Muniz's, Paparazzi, cibachrome print of chocolate sauce on paper, 1998.

Vik Muniz (Brazil, 1961) is an avant-garde artist who experiments with novel media. For example, he made two detailed replicas of Leonardo da Vinci's Mona Lisa: one out of jelly and the other out of peanut butter. He has also worked in sugar, wire, thread, and Bosco Chocolate Syrup, out of which he produced a recreation of Leonardo's Last Supper. Many of Muniz's works are new approaches to older pieces; he has reinterpreted a number of Monet's paintings, including paintings of the cathedral at Rouen, which Muniz accomplished using small clumps of pignment sprinkled onto a flat surface.

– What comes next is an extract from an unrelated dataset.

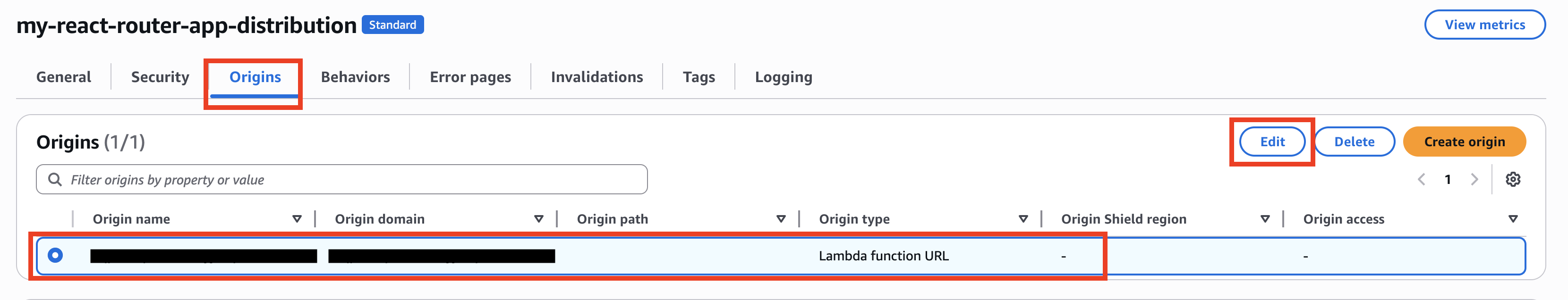 再度、今作成したディストリビューションを選択してOriginタブを選択、Originsのラジオボタンを選択してEditをクリックします
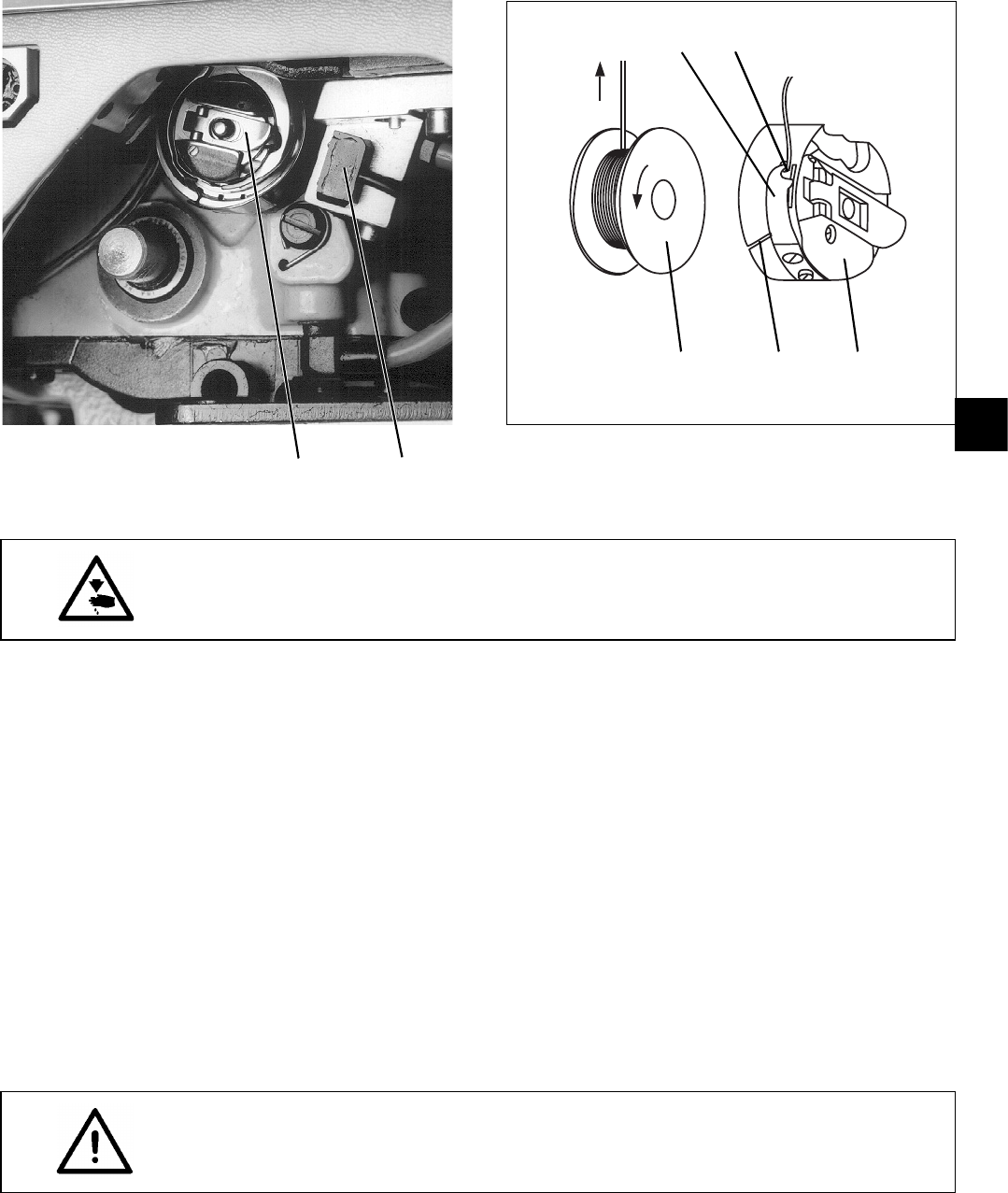 Greiferfadenspule nur bei ausgeschalteter Nähanlage wechseln.

More recently he has been creating larger-scale works, such as pictures carved into the earth (geoglyphs) or made of huge piles of junk. His sense of humor comes through in his "Pictures of Clouds" series, in which he had a skywriter draw cartoon outlines of clouds in the sky.

Muniz has a solo exhibition at the University of South Florida Contemporary Art Museum in Tampa, Florida currently called "Vik Muniz: Reflex". This exhibition, organized by the Miami Art Museum, is currently also on display at the Seattle Art Museum and will travel to PS1 Contemporary Art Museum in New York in February 2007.